- [ACTIVITY]
The reply should contain every entry below exactly as written, with no images.

Data entries:
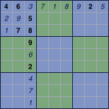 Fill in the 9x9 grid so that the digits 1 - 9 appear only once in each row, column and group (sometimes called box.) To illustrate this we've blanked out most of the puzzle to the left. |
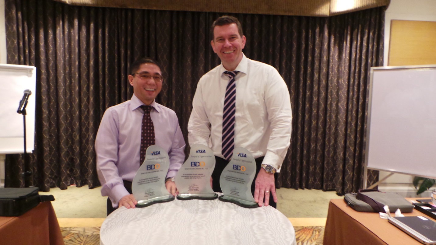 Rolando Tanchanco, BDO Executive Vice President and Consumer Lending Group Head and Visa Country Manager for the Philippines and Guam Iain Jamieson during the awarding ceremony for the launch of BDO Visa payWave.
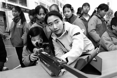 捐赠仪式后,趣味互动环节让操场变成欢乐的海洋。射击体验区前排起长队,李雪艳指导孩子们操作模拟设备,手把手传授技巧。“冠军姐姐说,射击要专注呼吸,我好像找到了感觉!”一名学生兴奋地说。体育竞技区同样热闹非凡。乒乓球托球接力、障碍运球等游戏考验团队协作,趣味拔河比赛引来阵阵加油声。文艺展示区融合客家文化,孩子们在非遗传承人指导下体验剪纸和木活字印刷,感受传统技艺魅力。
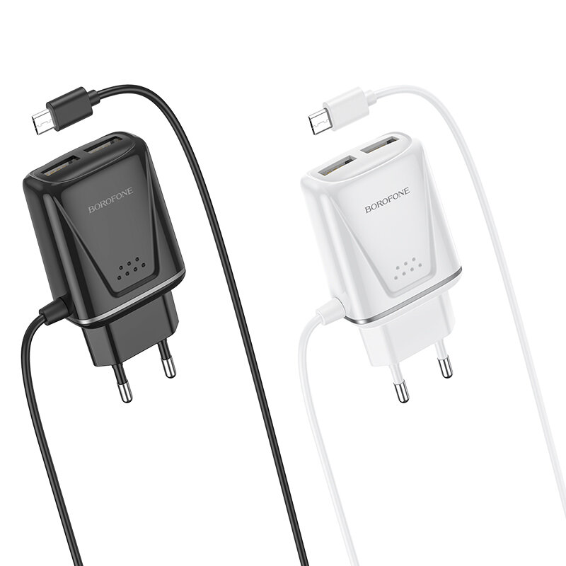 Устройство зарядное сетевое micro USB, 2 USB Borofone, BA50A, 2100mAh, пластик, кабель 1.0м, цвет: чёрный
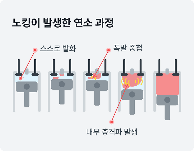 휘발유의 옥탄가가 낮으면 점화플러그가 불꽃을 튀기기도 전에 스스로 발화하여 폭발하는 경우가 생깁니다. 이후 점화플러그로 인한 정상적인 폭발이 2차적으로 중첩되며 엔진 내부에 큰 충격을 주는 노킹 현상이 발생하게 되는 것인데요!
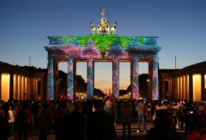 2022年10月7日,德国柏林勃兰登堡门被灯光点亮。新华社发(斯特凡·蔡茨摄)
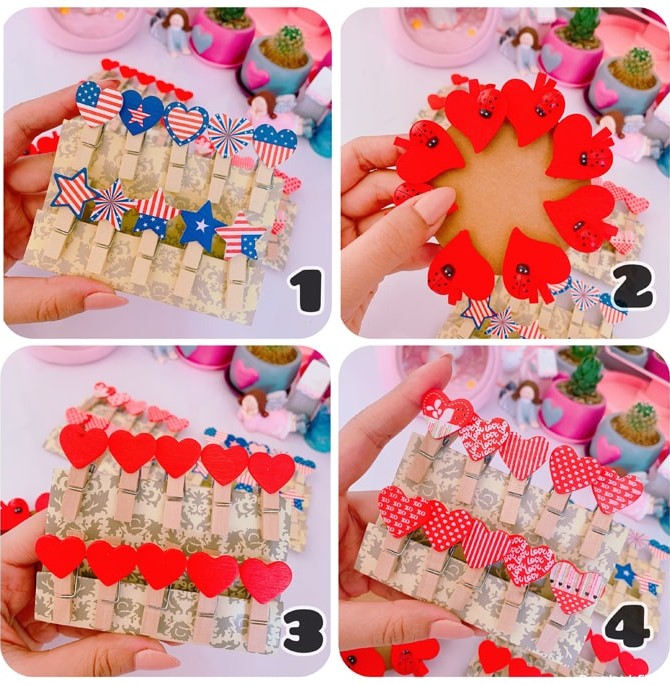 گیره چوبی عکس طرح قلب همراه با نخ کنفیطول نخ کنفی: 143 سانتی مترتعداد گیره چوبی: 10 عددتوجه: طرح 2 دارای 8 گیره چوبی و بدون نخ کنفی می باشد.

- [COMPLETED EXERCISE]
 Fill in the 9x9 grid so that the digits 1 - 9 appear only once in each row, column and group (sometimes called box.) To illustrate this we've blanked out most of the puzzle to the left. |
 Rolando Tanchanco, BDO Executive Vice President and Consumer Lending Group Head and Visa Country Manager for the Philippines and Guam Iain Jamieson during the awarding ceremony for the launch of BDO Visa payWave.
 捐赠仪式后,趣味互动环节让操场变成欢乐的海洋。射击体验区前排起长队,李雪艳指导孩子们操作模拟设备,手把手传授技巧。“冠军姐姐说,射击要专注呼吸,我好像找到了感觉!”一名学生兴奋地说。体育竞技区同样热闹非凡。乒乓球托球接力、障碍运球等游戏考验团队协作,趣味拔河比赛引来阵阵加油声。文艺展示区融合客家文化,孩子们在非遗传承人指导下体验剪纸和木活字印刷,感受传统技艺魅力。
 Устройство зарядное сетевое micro USB, 2 USB Borofone, BA50A, 2100mAh, пластик, кабель 1.0м, цвет: чёрный
 휘발유의 옥탄가가 낮으면 점화플러그가 불꽃을 튀기기도 전에 스스로 발화하여 폭발하는 경우가 생깁니다. 이후 점화플러그로 인한 정상적인 폭발이 2차적으로 중첩되며 엔진 내부에 큰 충격을 주는 노킹 현상이 발생하게 되는 것인데요!
 2022年10月7日,德国柏林勃兰登堡门被灯光点亮。新华社发(斯特凡·蔡茨摄)
 گیره چوبی عکس طرح قلب همراه با نخ کنفیطول نخ کنفی: 143 سانتی مترتعداد گیره چوبی: 10 عددتوجه: طرح 2 دارای 8 گیره چوبی و بدون نخ کنفی می باشد.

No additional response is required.